The changes in the three types of Monascus pigments exhibited consistent trends with a significant effect on the increase in yellow pigment production during the late stages of fermentation (p < 0.01). On the 18th d, the concentration of this pigment reached 71.04 U/mL, representing a 42.8% increase compared with that in the MC group (Figure 2). The concentration of the red pigment also increased; however, this change was not significant. The promoting effect of honeysuckle was most pronounced in the early stages of fermentation, resulting in a 24.3% increase in concentration. During the synthesis of Monascus pigments, the starting substrate undergoes polymerization and transesterification reactions to produce orange pigments, which are then converted into red and yellow pigments through ammonification and reduction reactions, respectively [33]. The addition of honeysuckle enhances the reducibility of the fermentation environment, further affecting relevant reactions inside the thallus. An increase in reducible substances promotes the production of yellow pigments through reduction reactions. In addition, amino acids enriched in honeysuckle positively impacted the synthesis of Monascus pigments and increased pigment production [34].

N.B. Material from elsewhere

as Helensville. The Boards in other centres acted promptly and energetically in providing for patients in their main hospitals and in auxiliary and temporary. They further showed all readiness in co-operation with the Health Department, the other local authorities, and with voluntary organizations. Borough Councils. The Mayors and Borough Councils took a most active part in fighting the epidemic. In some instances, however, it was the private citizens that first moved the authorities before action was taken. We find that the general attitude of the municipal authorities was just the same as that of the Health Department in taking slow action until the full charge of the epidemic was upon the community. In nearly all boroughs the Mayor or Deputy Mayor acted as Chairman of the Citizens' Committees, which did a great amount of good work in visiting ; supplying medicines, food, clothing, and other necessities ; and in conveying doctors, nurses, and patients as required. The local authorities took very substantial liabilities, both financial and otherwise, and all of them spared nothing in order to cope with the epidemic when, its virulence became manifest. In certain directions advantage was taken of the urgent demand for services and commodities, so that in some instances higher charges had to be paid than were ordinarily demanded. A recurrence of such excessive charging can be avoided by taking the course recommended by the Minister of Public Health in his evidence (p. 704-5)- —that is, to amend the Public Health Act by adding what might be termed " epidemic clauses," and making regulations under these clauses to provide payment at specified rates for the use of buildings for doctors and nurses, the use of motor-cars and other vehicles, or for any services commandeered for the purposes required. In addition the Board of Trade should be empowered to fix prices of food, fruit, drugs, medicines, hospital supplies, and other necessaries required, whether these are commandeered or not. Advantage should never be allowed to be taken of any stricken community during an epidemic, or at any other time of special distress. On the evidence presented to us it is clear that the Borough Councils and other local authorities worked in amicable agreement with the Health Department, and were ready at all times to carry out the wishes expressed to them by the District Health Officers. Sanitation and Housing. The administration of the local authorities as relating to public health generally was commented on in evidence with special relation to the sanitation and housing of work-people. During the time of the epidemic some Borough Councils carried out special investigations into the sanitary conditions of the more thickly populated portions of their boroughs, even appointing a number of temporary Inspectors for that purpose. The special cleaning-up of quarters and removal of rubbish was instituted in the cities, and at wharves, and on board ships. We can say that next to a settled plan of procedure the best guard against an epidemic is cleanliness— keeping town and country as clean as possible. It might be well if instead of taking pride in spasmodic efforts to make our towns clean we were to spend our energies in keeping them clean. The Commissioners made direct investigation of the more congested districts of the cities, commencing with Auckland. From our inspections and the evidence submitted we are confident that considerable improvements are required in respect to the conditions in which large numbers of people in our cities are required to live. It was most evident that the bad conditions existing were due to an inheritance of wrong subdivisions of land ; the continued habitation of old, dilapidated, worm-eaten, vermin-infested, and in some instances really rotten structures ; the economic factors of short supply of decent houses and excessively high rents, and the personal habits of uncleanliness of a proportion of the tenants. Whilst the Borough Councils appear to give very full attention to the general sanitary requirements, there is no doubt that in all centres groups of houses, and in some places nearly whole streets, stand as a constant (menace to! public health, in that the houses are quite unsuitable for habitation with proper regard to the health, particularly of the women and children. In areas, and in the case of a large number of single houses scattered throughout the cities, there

The expression levels of the nine key genes (mokA–mokI) in their synthesis gene cluster were analyzed to further explore the potential regulatory role of honeysuckle in MK synthesis (Figure 3). Honeysuckle addition led to the upregulation of all nine key genes related to MK synthesis at the transcriptional level, though the fold changes varied and were relatively modest for most genes. The transcription levels of mokA, mokC, and mokE showed statistically significant changes during the early stages of fermentation (p < 0.05). Among these, mokE exhibited the most prominent change on the 8th d of fermentation, with a transcriptional level increase of 13.4% compared to the MC group, while mokA and mokC levels increased by 3.54% and 0.94%, respectively.

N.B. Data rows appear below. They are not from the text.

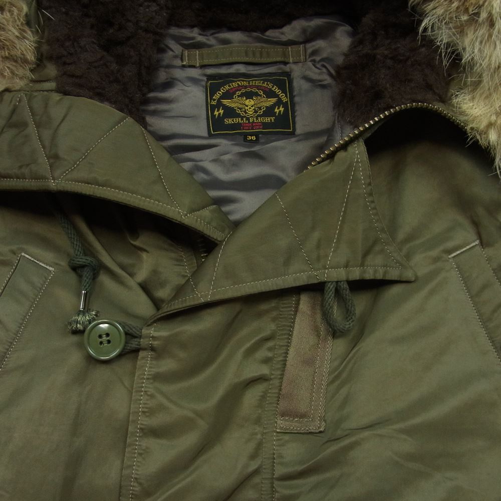 スカルフライト RIDERS N-3B コヨーテファー フード ミリタリー ジャケット カーキ系 36【中古】
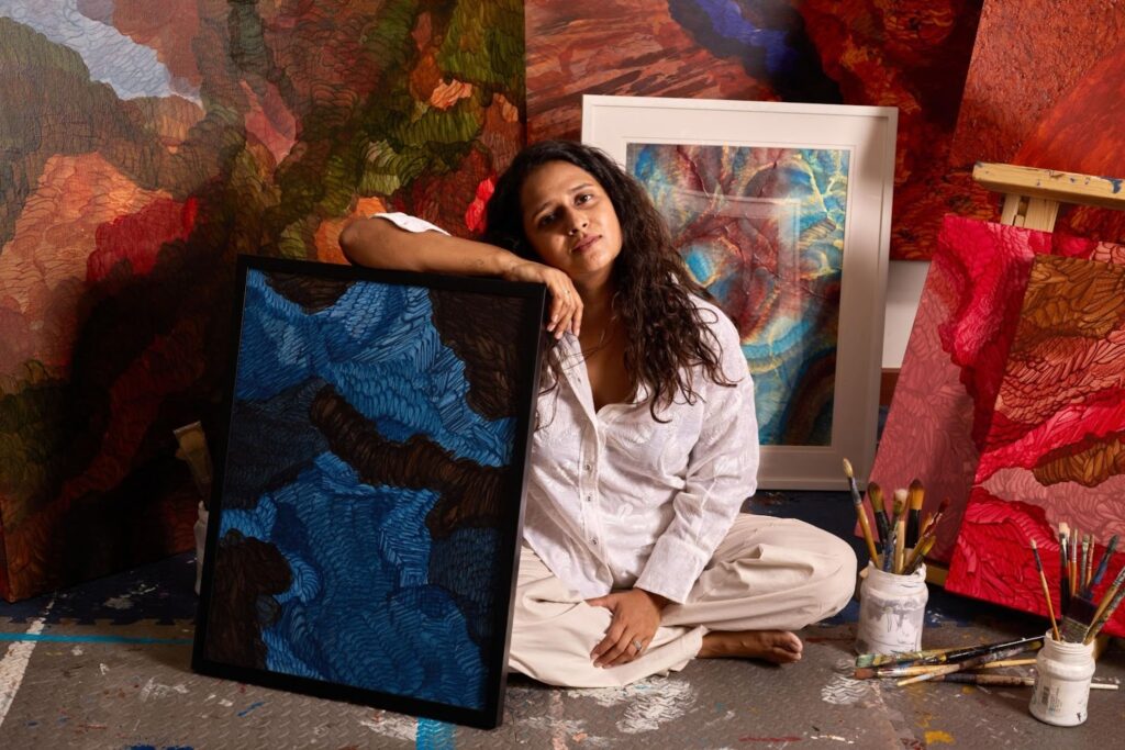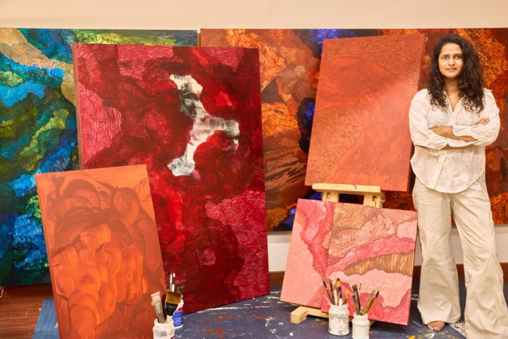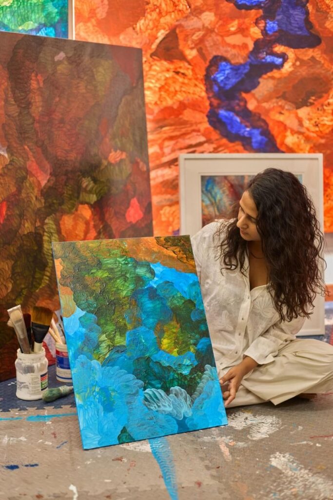 Usually, it begins with silence. Then, a single colour emerges in my mind, a tone that somehow carries an emotion I cannot yet name. From there, the process becomes a conversation between that emotion and the material. One of my favourite works began with a deep, stormy blue. As I layered and erased, other hues appeared like memories resurfacing. The final piece felt like an exhale, as if the painting knew what it wanted to become long before I did.
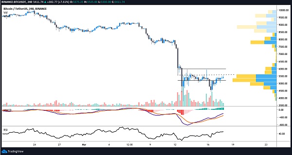截至發稿時,比特幣繼續在5050美元至5400美元的區間內波動,在5500美元位置遇到阻力。1小時和4小時的時間框架顯示了一個更高低點的走勢,一個積極的信號是比特幣似乎即將把5400美元的位置變成支撐位。
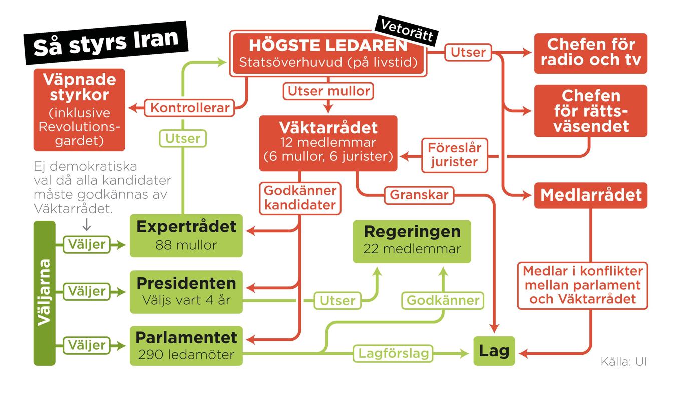 Irans politiska system är unikt i världen och ger den högste ledaren sista ordet i alla frågor av vikt. Foto: Anders Humlebo/TT
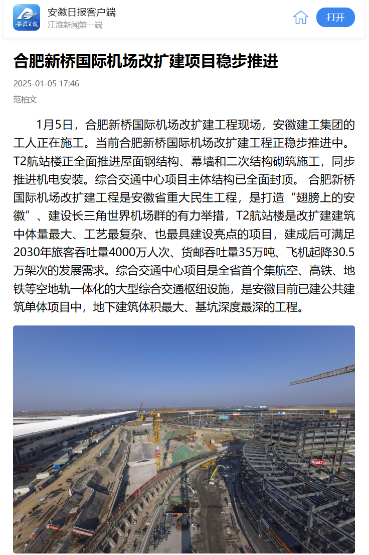 【名媒聚焦】安徽日報、合肥新聞聯(lián)播等省市主流媒體關(guān)注報道合肥新橋國際機場綜合交通中心項目
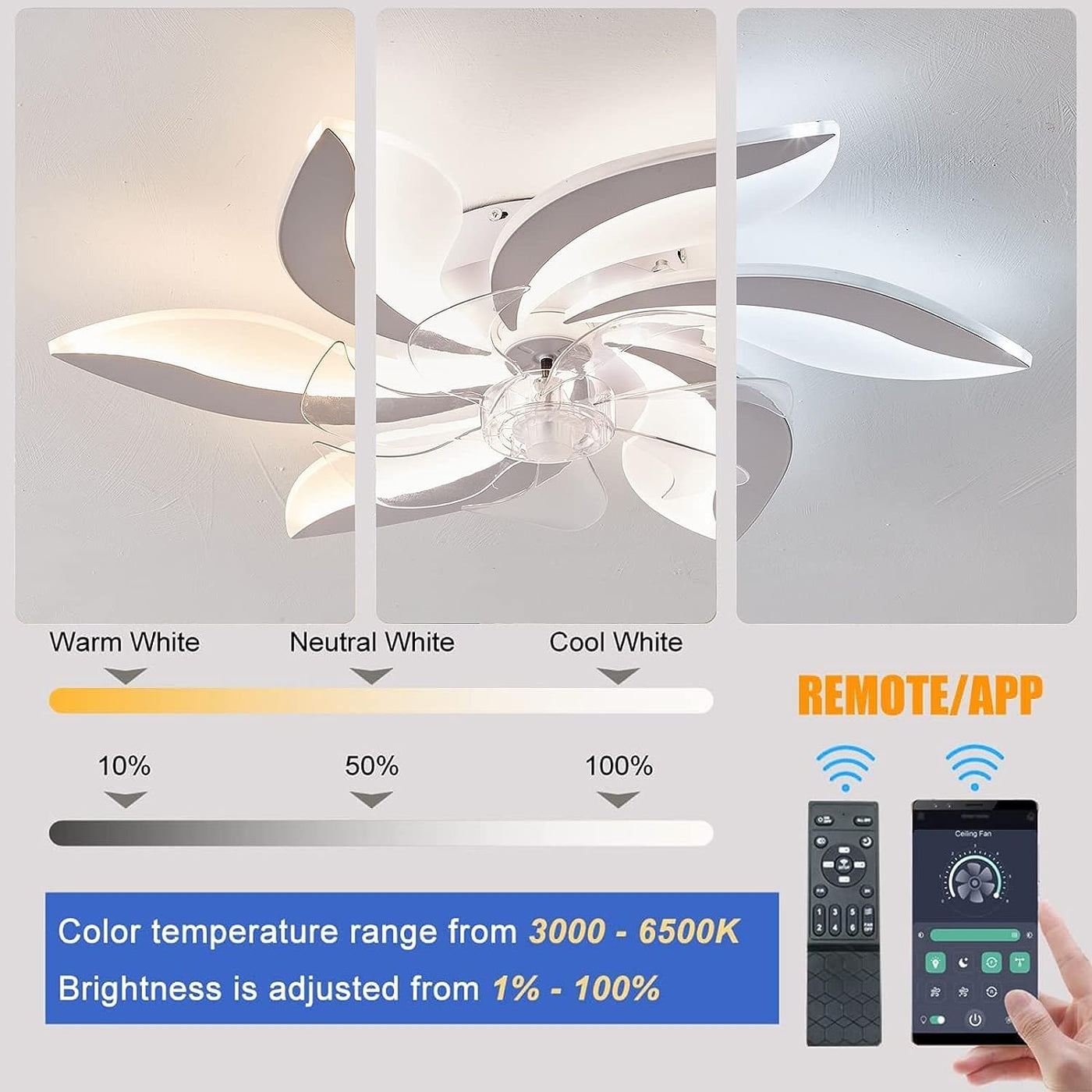 68Cm Low Profile Ceiling Fans with Lights and Remote/App Control,3 Light Color Changes,6 Wind Speed Modes,Flush Mount Ceiling Fan Light,Modern Ceiling Light with Fan for Bedroom/Study/Office…
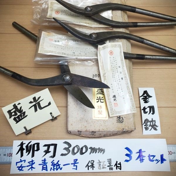 - 【アウトレット品】 輝 盛光 300㎜ 柳刃 金切鋏 安来鋼 青紙一号 保証書付 3本セット 薄金属板 トタン 板金工具 板金ハサミ sp-032-457
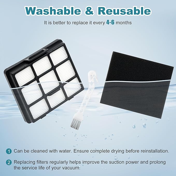 - 【Washable & Reusable】Maximize cost-efficiency by rinsing our filters thoroughly with clean water, allowing them to dry thoroughly, and reusing them. For peak performance, we recommend replacing the filter set every 2-3 months to help extend the lifespan of your vacuum cleaner
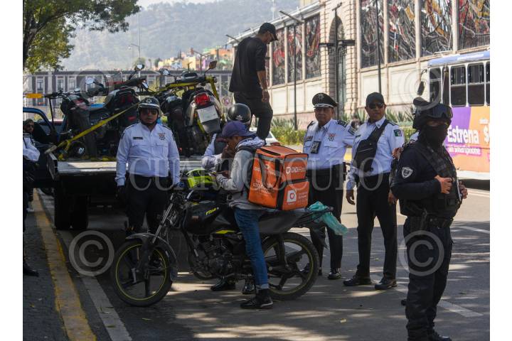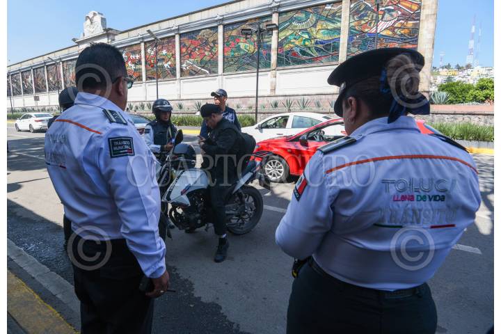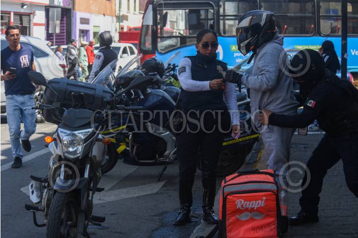 TOLUCA, ESTADO DE MÉXICO, 06NOVIEMBRE2024.- La Policía Municipal de Toluca realiza el operativo “Moto Segura” en la zona centro de la capital mexiquense, para combatir los llamados motoratones, la delincuencia al de Tecate estos operativos han optado por moverse a la periferia de la ciudad y ahora delinquen en delegaciones como San Pedro Toyoltepec, El Seminario, San Mateo Otzacatipán y Calixtlahuaca. FOTO: CRISANTA ESPINOSA AGUILAR /CUARTOSCURO.COM

mokA and mokE are primarily involved in encoding polyketide synthase, a key enzyme of M. purpureus, for the synthesis of three secondary metabolites, Monascus pigments, MK, and citrin. mokB catalyzes the synthesis of the diketone portion of the MK side chain and is associated with the upregulation of early gene expression, with all three genes playing important roles in MK synthesis [35]. mokH does not directly participate in MK synthesis, but it encodes the Zn(II) 2Cys6 binuclear DNA-binding protein, which activates MK synthesis [36]. Zhang et al. demonstrated that mokH overexpression increased MK production by 82% [37], suggesting that even moderate changes in the transcription of regulatory genes like mokH may have functional relevance. In our study, mokC expression did not show a statistically significant change, while mokG expression in the HS-MC group was slightly downregulated. Notably, the protein encoded by mokI contributes to substrate efflux; its transcription level increased in the late stages of fermentation in the presence of honeysuckle, which may facilitate the extracellular transport of MK and reduce its feedback inhibition [38]—this provides a potential supplementary mechanism for MK accumulation beyond de novo synthesis.

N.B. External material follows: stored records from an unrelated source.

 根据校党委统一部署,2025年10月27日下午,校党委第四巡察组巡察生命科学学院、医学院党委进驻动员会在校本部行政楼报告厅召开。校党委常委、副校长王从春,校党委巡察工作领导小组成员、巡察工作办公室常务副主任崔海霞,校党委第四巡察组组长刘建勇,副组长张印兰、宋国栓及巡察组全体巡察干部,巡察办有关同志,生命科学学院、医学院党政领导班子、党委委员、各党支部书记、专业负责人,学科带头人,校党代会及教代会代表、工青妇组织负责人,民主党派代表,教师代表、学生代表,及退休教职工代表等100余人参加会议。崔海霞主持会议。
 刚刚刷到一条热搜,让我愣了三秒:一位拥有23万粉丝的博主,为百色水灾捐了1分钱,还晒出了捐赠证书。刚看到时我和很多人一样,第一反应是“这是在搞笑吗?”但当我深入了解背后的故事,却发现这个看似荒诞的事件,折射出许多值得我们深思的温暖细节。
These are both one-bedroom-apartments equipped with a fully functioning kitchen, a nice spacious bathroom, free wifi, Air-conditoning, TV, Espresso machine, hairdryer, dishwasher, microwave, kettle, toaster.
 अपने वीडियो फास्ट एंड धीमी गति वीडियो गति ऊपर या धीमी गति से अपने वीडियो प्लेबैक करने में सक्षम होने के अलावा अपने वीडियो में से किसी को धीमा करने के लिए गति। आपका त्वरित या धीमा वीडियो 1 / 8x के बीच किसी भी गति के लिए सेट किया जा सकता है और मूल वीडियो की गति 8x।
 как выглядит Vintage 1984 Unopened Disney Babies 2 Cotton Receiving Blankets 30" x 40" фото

It should be emphasized that the observed transcriptional changes are correlative rather than definitively causal for the significant increase in MK yield. These transcriptional upregulations may contribute to MK accumulation by creating a favorable metabolic environment for MK synthesis, but they are unlikely to be the sole mechanistic driver. Instead, the synergistic enhancement of MK yield is proposed to result from multiple interconnected factors: the transcriptional upregulation of key biosynthetic genes (providing a transcriptional basis for increased enzyme synthesis), the improved nutritional supply and metabolic efficiency (enhancing precursor availability), the optimized fermentation microenvironment (promoting metabolic activity), and the enhanced MK efflux (reducing feedback inhibition).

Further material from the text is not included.